I'd like to know whether I'm configuring my report generation wrong or whether this is a feature that is not yet supported, namely importing of external analyzer issues in the report with full information.

Screenshots & log

"?"-labelled content in the report

Information given in SonarQube with the same external error code (circled red)

User environment

Please complete the following information.

• OS: Windows 10
• Project version: Release 4.1.1, SonarQube Community v.8.9.8

[Sancretor]

Hi @ChristopherWatanabe
Thanks for the feedback ! ... and sorry for this issue.
Honestly, I would need to investigate a bit to answer correctly, but it may be an issue on our side, rather than a misconfiguration on yours.
I'll give you an update as soon as possible.

[christopher-watanabe-snkeos]

Thank you @Sancretor ! In the meantime, it seems that quite a few of these external warnings (incorrectly mislabelled errors by me!) can be picked up by expanding the SonarQube C# Ruleset, which is perhaps why this is just now become an issue. For the greatest amount of analysis and peace of mind however, I would ultimately like to include external analyzer warnings and information as well.

I hope your investigation is fruitful! Looking forward to your results!!!

[christopher-watanabe-snkeos]

Hi @Sancretor,

Just taking a short look around, I think the problem is here. It seems if the rule is not listed in the Sonar ruleset - as is the case for all external rules - then it is assumed that the report doesn't include information about that rule, which is not always the case.

[christopher-watanabe-snkeos]

Hi again @Sancretor ,

Looking deeper and doing a couple rounds of debugging, I see that this is exactly what's happening.

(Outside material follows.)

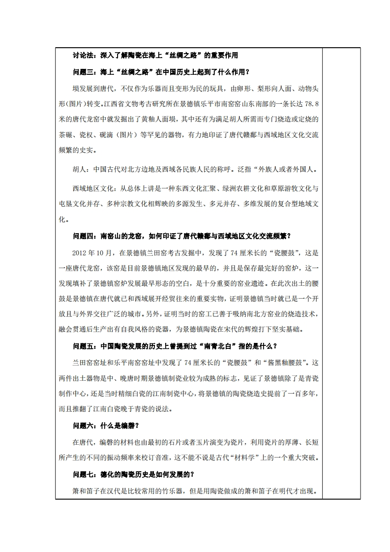 教学设计授课主题陶瓷乐器的历史沿革与发展相应章节第一章授课时间2022年9月16日第3周星期五第7.8节课时2授课类型理论教学☑实践教学☑地点瓷乐实训室(1)知识目标:了解不同历史时期陶瓷乐器的制作和发展。(2)能力目标:对于陶瓷乐器的历史发展阶段有清晰的认知。教学目的(3)情感目标:使学生深刻感受陶瓷音乐作为民族传统文化所蕴含的人文价与要求值,以及能成为世界优秀音乐文化的绚丽瑰宝的深刻内涵。(4)价值目标:通过学习,使学生能够更近一步的认识到中华民族传统音乐文化的博大精深,并怀着敬畏之心不断将其传承。思政元素:家国情怀、使命意识思政元素融入的通过对陶瓷乐器的历史学习,引导学生更近一步的了解中华民族优秀的传统文理念和思路化,拥有民族责任感和民族自豪感。教学重点1.远古时代的陶瓷乐器2.夏商周至秦汉时代的陶瓷乐器教学难点1.唐宋明清时代的陶瓷乐器2.近现代陶瓷乐器的继承与创新教学路径采用大班教学、小班研讨和学生独立学习相结合的方式,同时运用文献法、与方法探究法、追因法、提问法、讨论法探究陶瓷乐器历史发展教具仪器视频资料,PpT运用多媒体的教学手段,线上+线下的教学模式,教师现场解说与示范,构建多层敢学设计次、多模式、全方位的教学环境,创设具体生动的画面,打造课程思政的育人格局。教学过程一、导入新课:陶瓷,被世人称作“火与泥土的艺术”,暗示了它的神秘、它的质朴、它的刚烈。千百年来,陶瓷乐器作为陶瓷艺术与音乐完美结合的艺术形式,人们用“声如磬”来形容它的特殊音色,在我国古代陶瓷史和音乐史上,曾占有重要的一席之地,发挥过无可替代的作用。直到今天,它仍然在陶瓷艺术领域和音乐领域中散发着独特的魅力。教学备注二、新课内容:在陶瓷乐器概述中我们讲到:陶瓷乐器就其质地而言,分为陶、瓷两大类:就其演奏方式而言,又可分为哪几类?打击、吹奏、弹拨、拉弦四大类。请学生根据四种分类自行举例。

As the report is given as an argument, I wonder why not simply iterate over the issues of the report? I've exchanged the current logic with this:

        for (Issue i : report.getIssues()) { // construct each issues
            final List<String> issue = new ArrayList<>();
                // add name
            issue.add(i.getRule());
            // add description
            issue.add(i.getMessage()
                    .replaceAll(DELETE_HTML_TAGS_REGEX, StringManager.EMPTY));
            // add type
            issue.add(i.getType());
            // add severity
            issue.add(i.getSeverity());
            // add number
            issue.add("1");

            issues.add(issue);
        }

Null checks would be simple to implement then, and the Question Mark logic could remain in the form of a null check over the Issue field value. Something like `issue.add((i.getRule() == null) ? QUESTION_MARK : i.getRule()), or so.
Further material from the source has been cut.